[Input for this task Boundary: Start]

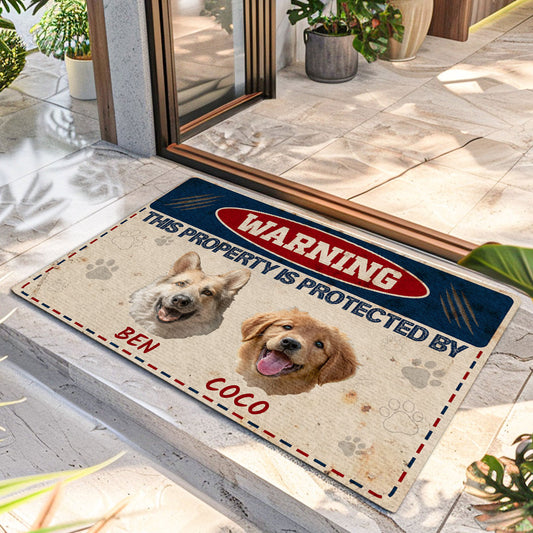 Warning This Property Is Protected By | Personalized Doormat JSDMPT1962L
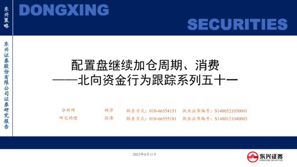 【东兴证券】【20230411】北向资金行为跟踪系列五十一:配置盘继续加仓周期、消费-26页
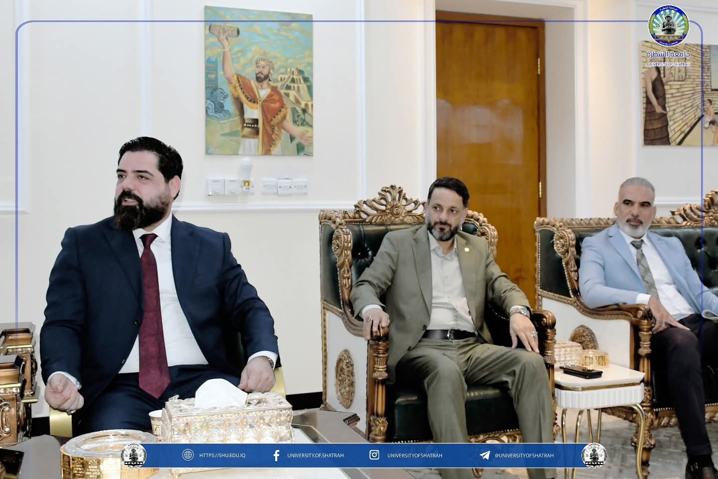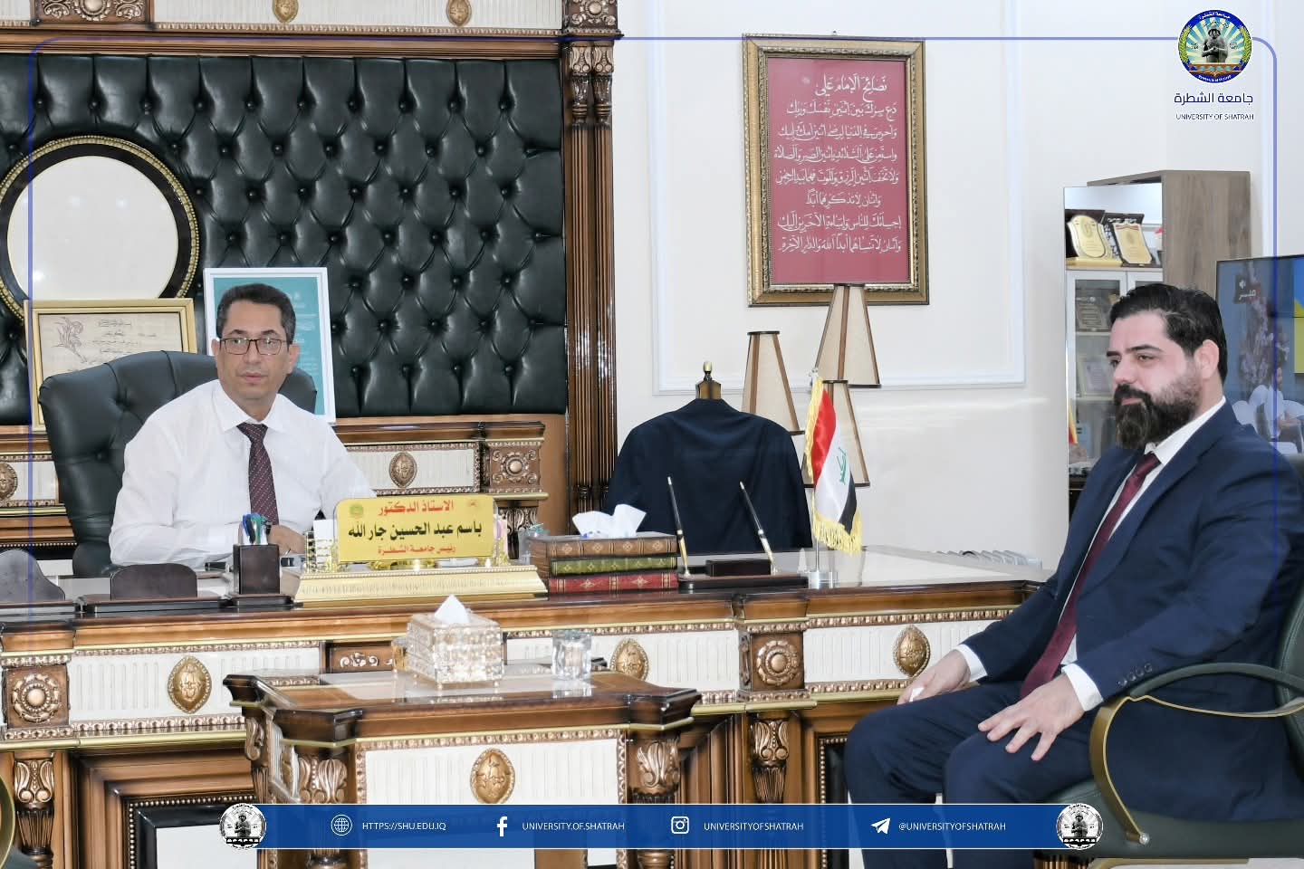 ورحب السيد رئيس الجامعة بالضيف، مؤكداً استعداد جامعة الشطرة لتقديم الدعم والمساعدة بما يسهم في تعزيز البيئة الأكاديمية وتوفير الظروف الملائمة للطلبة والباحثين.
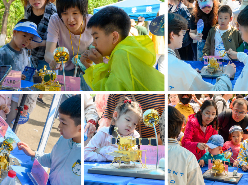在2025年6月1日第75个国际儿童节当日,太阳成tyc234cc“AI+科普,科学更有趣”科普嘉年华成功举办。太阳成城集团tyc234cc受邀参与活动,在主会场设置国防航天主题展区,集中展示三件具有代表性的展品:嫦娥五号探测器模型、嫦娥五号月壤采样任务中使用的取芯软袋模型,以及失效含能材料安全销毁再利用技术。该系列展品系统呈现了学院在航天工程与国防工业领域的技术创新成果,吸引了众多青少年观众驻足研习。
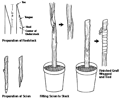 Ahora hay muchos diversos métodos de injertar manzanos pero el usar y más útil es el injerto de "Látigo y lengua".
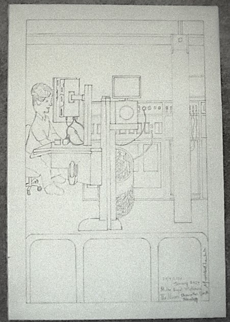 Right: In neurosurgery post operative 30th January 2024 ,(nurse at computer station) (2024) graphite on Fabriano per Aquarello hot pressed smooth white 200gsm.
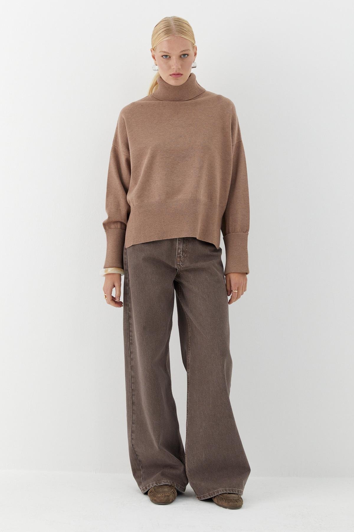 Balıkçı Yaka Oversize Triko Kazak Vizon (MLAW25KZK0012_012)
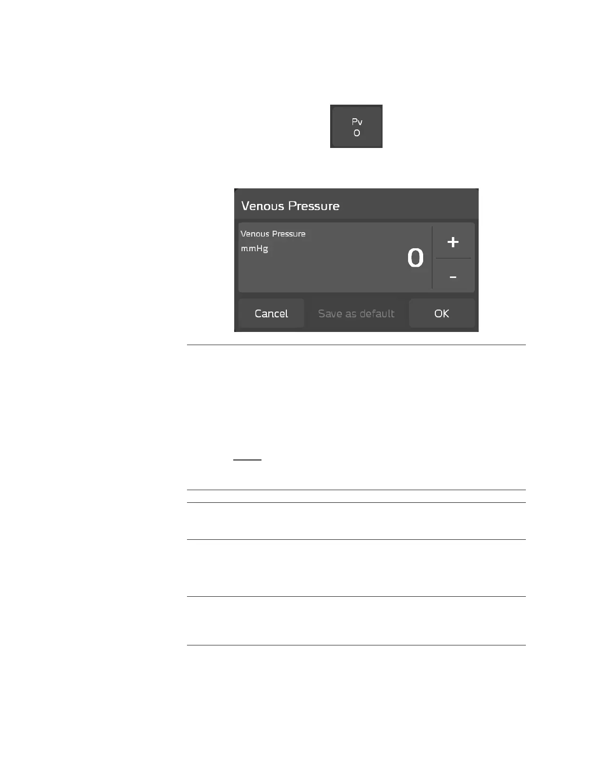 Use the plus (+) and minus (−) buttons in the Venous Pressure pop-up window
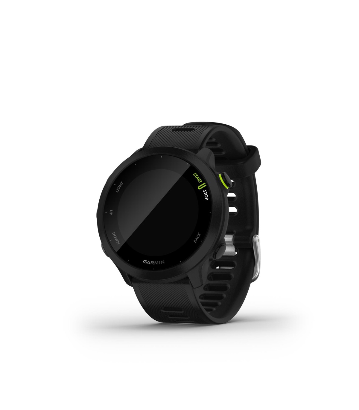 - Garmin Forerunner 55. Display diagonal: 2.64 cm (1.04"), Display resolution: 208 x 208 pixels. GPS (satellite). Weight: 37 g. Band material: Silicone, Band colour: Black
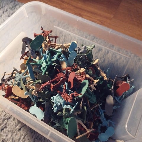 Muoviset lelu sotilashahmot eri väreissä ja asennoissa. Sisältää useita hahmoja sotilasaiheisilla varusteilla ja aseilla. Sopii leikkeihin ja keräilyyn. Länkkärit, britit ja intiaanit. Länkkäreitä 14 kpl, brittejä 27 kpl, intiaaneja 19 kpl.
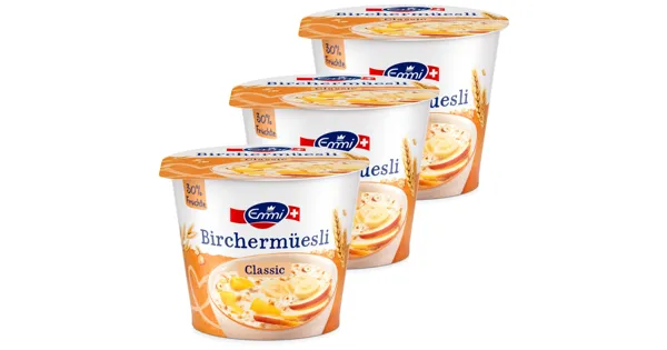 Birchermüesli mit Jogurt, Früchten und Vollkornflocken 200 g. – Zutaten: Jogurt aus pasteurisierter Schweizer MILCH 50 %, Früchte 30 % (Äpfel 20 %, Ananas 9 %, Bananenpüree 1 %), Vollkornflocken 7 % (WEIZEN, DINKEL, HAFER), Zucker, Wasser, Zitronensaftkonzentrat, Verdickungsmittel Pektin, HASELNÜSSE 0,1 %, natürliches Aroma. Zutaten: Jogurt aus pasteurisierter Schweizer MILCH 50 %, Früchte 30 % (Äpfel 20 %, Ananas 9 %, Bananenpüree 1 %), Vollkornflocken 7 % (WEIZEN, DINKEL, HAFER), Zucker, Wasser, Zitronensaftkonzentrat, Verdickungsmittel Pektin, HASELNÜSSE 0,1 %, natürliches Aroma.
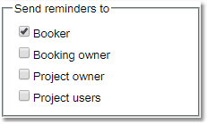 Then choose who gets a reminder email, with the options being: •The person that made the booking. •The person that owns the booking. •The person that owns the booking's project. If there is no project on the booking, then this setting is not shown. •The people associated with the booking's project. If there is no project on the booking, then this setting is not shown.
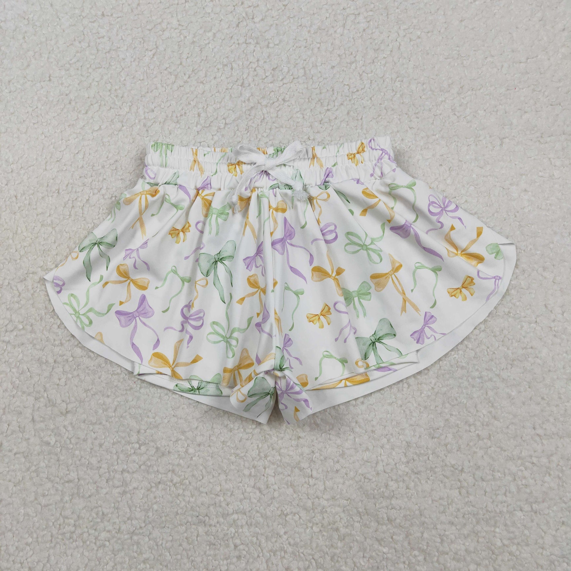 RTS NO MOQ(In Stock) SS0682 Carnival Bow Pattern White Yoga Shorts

[Input for this task Boundary: End]

* [Exercise details]:
The finished copy should match the data above word for word and contain no pictures.

* [Task answer]:
 Warning This Property Is Protected By | Personalized Doormat JSDMPT1962L
 【东兴证券】【20230411】北向资金行为跟踪系列五十一:配置盘继续加仓周期、消费-26页
 ورحب السيد رئيس الجامعة بالضيف، مؤكداً استعداد جامعة الشطرة لتقديم الدعم والمساعدة بما يسهم في تعزيز البيئة الأكاديمية وتوفير الظروف الملائمة للطلبة والباحثين.
在2025年6月1日第75个国际儿童节当日,太阳成tyc234cc“AI+科普,科学更有趣”科普嘉年华成功举办。太阳成城集团tyc234cc受邀参与活动,在主会场设置国防航天主题展区,集中展示三件具有代表性的展品:嫦娥五号探测器模型、嫦娥五号月壤采样任务中使用的取芯软袋模型,以及失效含能材料安全销毁再利用技术。该系列展品系统呈现了学院在航天工程与国防工业领域的技术创新成果,吸引了众多青少年观众驻足研习。
 Ahora hay muchos diversos métodos de injertar manzanos pero el usar y más útil es el injerto de "Látigo y lengua".
 Right: In neurosurgery post operative 30th January 2024 ,(nurse at computer station) (2024) graphite on Fabriano per Aquarello hot pressed smooth white 200gsm.
 Balıkçı Yaka Oversize Triko Kazak Vizon (MLAW25KZK0012_012)
 Use the plus (+) and minus (−) buttons in the Venous Pressure pop-up window
 - Garmin Forerunner 55. Display diagonal: 2.64 cm (1.04"), Display resolution: 208 x 208 pixels. GPS (satellite). Weight: 37 g. Band material: Silicone, Band colour: Black
 Muoviset lelu sotilashahmot eri väreissä ja asennoissa. Sisältää useita hahmoja sotilasaiheisilla varusteilla ja aseilla. Sopii leikkeihin ja keräilyyn. Länkkärit, britit ja intiaanit. Länkkäreitä 14 kpl, brittejä 27 kpl, intiaaneja 19 kpl.
 Birchermüesli mit Jogurt, Früchten und Vollkornflocken 200 g. – Zutaten: Jogurt aus pasteurisierter Schweizer MILCH 50 %, Früchte 30 % (Äpfel 20 %, Ananas 9 %, Bananenpüree 1 %), Vollkornflocken 7 % (WEIZEN, DINKEL, HAFER), Zucker, Wasser, Zitronensaftkonzentrat, Verdickungsmittel Pektin, HASELNÜSSE 0,1 %, natürliches Aroma. Zutaten: Jogurt aus pasteurisierter Schweizer MILCH 50 %, Früchte 30 % (Äpfel 20 %, Ananas 9 %, Bananenpüree 1 %), Vollkornflocken 7 % (WEIZEN, DINKEL, HAFER), Zucker, Wasser, Zitronensaftkonzentrat, Verdickungsmittel Pektin, HASELNÜSSE 0,1 %, natürliches Aroma.
 Then choose who gets a reminder email, with the options being: •The person that made the booking. •The person that owns the booking. •The person that owns the booking's project. If there is no project on the booking, then this setting is not shown. •The people associated with the booking's project. If there is no project on the booking, then this setting is not shown.
 RTS NO MOQ(In Stock) SS0682 Carnival Bow Pattern White Yoga Shorts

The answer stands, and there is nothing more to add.